As said for the sake of this tutorial an excel table is used. To parse the excel table the pandas library is used.

# load the necessary libraries
from wikidataintegrator import wdi_core, wdi_login
import pandas as pd

# login to wikibase
logincreds = wdi_login.WDLogin(user=os.environ["wd_user"], pwd=os.environ["pwd"])
# load excel table to load into Wikibase
mydata = pd.read_excel("mydata.xlsx")

When the data is loaded it can be added to the wikibase. If the properties do not exist yet, they need to be created. These properties can be also added using the WDI, however for this tutorial we will manually create the properties using the web interface of the the wikibase. To do this go to :8181/wiki/Special:NewProperty.

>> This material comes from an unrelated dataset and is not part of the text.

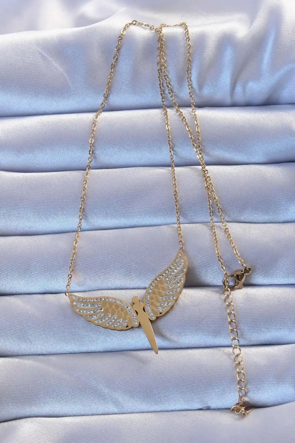 316L Çelik Altın Renk Zirkon Taşlı Mikail Kolye

For this tutorial lets assume there are the following properties set: P1: column1 type: String P2: column2 type: Item P3: column3 type: URL WDI supports more data types, for details see the WDI documentation

Asume that these properties reflect the columns in “mydata.xlsx”. Adding the content in the excel table is now done with the following python script

...
for index, row in mydata.iterrows():
	item_statements = [] # all statements for one item
	data.append(wdi_core.WDString("column1_value", prop_nr="P1")) 
	data.append(wdi_core.WDItem("Q1234", prop_nr="P2"))
	data.append(wdi_core.WDURL("<http://someURL>", prop_nr="P3")) 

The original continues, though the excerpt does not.